Earlier in the year, students who studied Dr. Brown’s poem “Calenture,” which was published in his book “Abecedarium,” practiced their formal writing skills by sending letters to Dr. Brown about his poem. Several of these students requested a guest visit from Dr. Brown in their letters, and Dr. Brown generously agreed.
After giving a reading of “Calenture” and a few other poems, Dr. Brown shared with the class how he managed to both recognize and achieve his dream of being a writer, focusing on the necessity of perseverance; then, Dr. Brown encouraged students to share their own dreams and facilitated a discussion about common impediments to attaining one’s aspirations.

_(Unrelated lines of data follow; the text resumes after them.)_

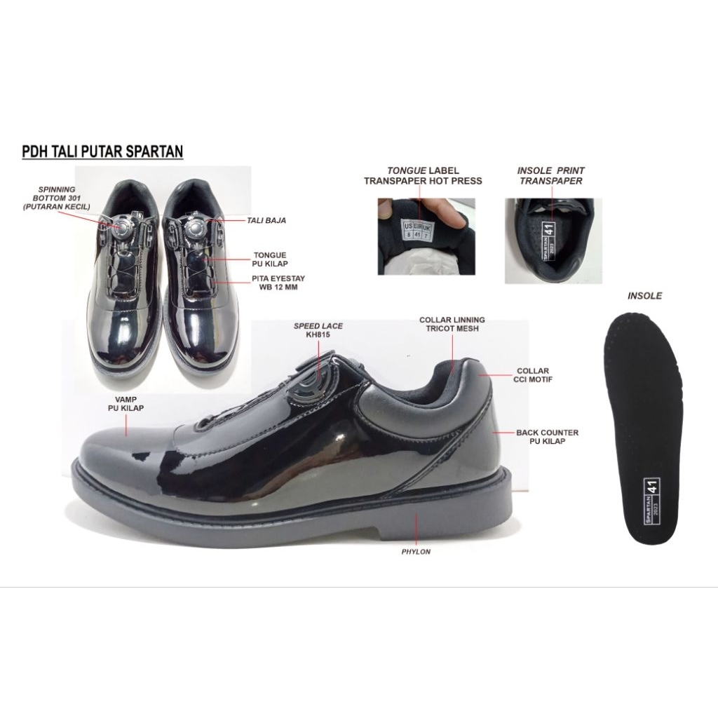 Sepatu PDH Putar Spartan Kulit Kilap Elegan
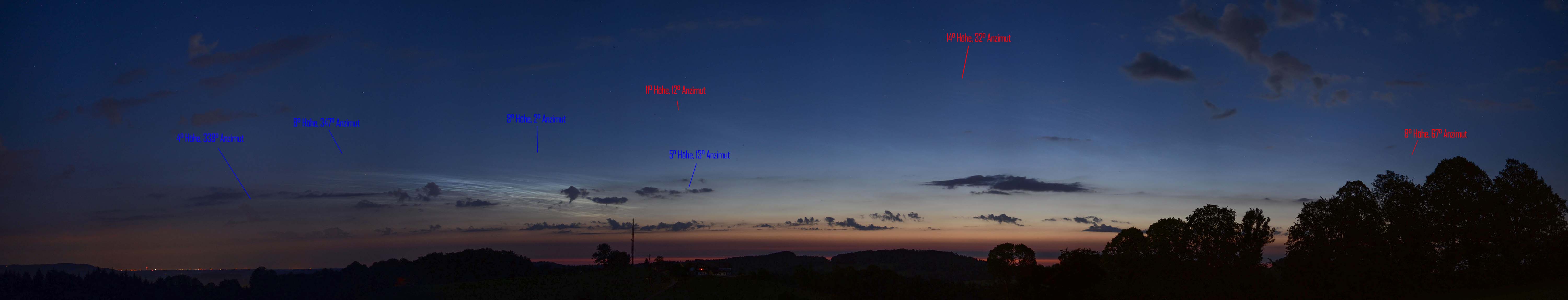 @Stefan, falls du es für die Auswertung brauchst, kann ich die maximale Höhe und Anzimut der 2 Felder auch nochmal getrennt angeben. Die östlichen NLCs waren viel Höher, aber auch viel schwächer. Im Lauf der Dämmerung verschwanden die östlichen NLCs, während die hellen weiter nach Nordwesten zogen.
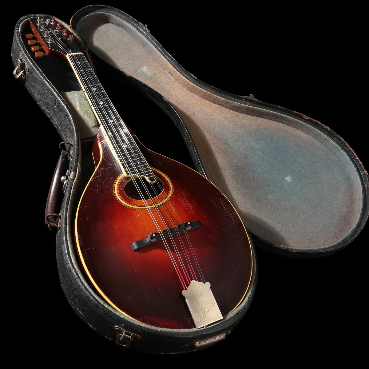 1923年から1928年の僅かな期間にしか生産されなかったスネークヘッドのA-4です。当個体にはヴァージ・トーン・プロデューサーが取り付けられています。ラベルに印字されたシリアル・ナンバーは完全に消失していますが、ネック・ブロックに印字されたファクトリー・オーダー・ナンバーは8096と読み取れます。ただし最後の6の部分にインクの滲みがあり断定はできかねます。ヴァージ・トーンのシリアル・ナンバーは10574と読み取れますが、こちらもラベルの剥がれがあり断定はできかねます。8000番台ファクトリー・オーダー・ナンバーは1925年以降と記す資料があますが、当個体はペグ・ボタンの色、ブランド・ロゴなど外見的特徴やヴァージ・トーンのシリアル・ナンバーを鑑みると、おそらく1924年に製造されたものを思われます。いずれにしても貴重な一本です。

As the students’ queries naturally moved to postsecondary options, Lee University English Professor Dr. Brown competently described the general requirements and local options for various careers in law, medicine, culinary arts, mechanics, etc. During this discussion, Nathan Holmes, who plays guitar by ear, was pleased to discover that nearby Lee has an award-winning music program, and Matthew Passmore, who enjoys studying about the presidents, was surprised that politicians are not required to have any specific college degree, although he was advised that an education is certainly beneficial to those seeking political appointment.
As a follow-up, Dr. Brown wrote a letter to be read to the students about his visit. Students will be given an opportunity to respond in writing, reflecting upon their own outlooks about hopes and dreams.
Overall, students enjoyed the break from classwork, and acquired a valuable life lesson: curiosity and tenacity will take them where they need to go in life.